Interactive fiction

From Encyc

Interactive fiction (IF) is a genre of game (usually computer game) that is text-based, and requires the user to interact with the story, usually by making a decision. Some people may consider Choose Your Own Adventure books interactive fiction. Another word for interactive fiction is text adventure game. The first computer IF was made circa 1976 by Will Crowther, a caver. He made a game called Adventure, commonly known as Colossal Cave Adventure. This game is a story, written in the second-person point of view. The user types in commands that define which direction the character goes, what item the character picks up, or pretty much anything else the character does. IF games typically become puzzles. By the early 1980s, there were new games in this genre, including the popular Zork, made by the famous software company Infocom.

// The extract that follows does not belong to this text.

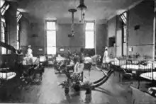 The new yellow-brick building with slate roofs echoed the construction materials used by its larger neighbour, the Cambridge Military Hospital. It cost £12,600 to build[3] and had "sanitary blocks" incorporated in "Italianate" corner towers towards the back.[4] There were fifty-three beds arranged in eleven wards of different sizes, including wards named for Queen Victoria, the Duke of Connaught and Lord Lansdowne. The staircases had shallow steps, supposed to help nurses in long dresses run up and down.[5] A "fine" tiled operating theatre was added in 1908 and officially opened by the Duchess in 1909. It had a new sort of "brilliant light" and Doulton basins and sinks "fitted with the latest kind of mixing valves for hot and cold water with elbow-action and sprays".[6] Within a couple of years the hospital was treating around 1000 cases annually: about half in its General Division and half in its Maternity Division which had twenty-five "swing cots" along with twenty-five beds.[6]

Infocom released a whole Zork series, among other interactive fiction games, and eventually branching out into adventure games with some graphics. Also, the Z-machine was invented, a virtual machine that read Z-code, a bytecode designed specifically for interactive fiction. The Inform programming language was designed, which is usually what Z-code is compiled from. With the capability of computers allowing complex graphics to be processed, video games tend to be more popular than interactive fiction, but certain programmers and adventure-lovers still enjoy, and create, new IF.

Modern day interactive fiction[edit]

There is an interactive fiction scene online with a decent number of followers. In the late 1990s, ifMUD (interactive fiction multi-user dungeon) was started, a chatroom/communication outlet (mostly for interactive fiction people) thathat looked like an IF game. In 2003, Nick Montfort wrote a book, Twisty Little Passages: An Approach to Interactive Fiction. Classic games have been recompiled/rewritten for modern interpreters. In late 2004, IFWiki, a MediaWiki-based interactive fiction guide, was started. Many other sites exist, including the IF Archive, IF Database (IFDB), and Baf's Guide to IF Archive. There is even an independent film about this kind of gaming, titled Get Lamp. Many IF-specific programming languages exist; Inform, Tads, Adrift, and many more. Since 1995, the Interactive Fiction Competition (IFComp) has taken place. Since 1996, the XYZZY Awards have taken place for the best works of interactive fiction. There used to be an online magazine called XYZZYnews, who put the XYZZY Awards on for the first twelve or so years, before shutting down, and the XYZZY Awards becoming their own separate entity. There are many other IF competitions, websites, publications, and miscellaneous stuff.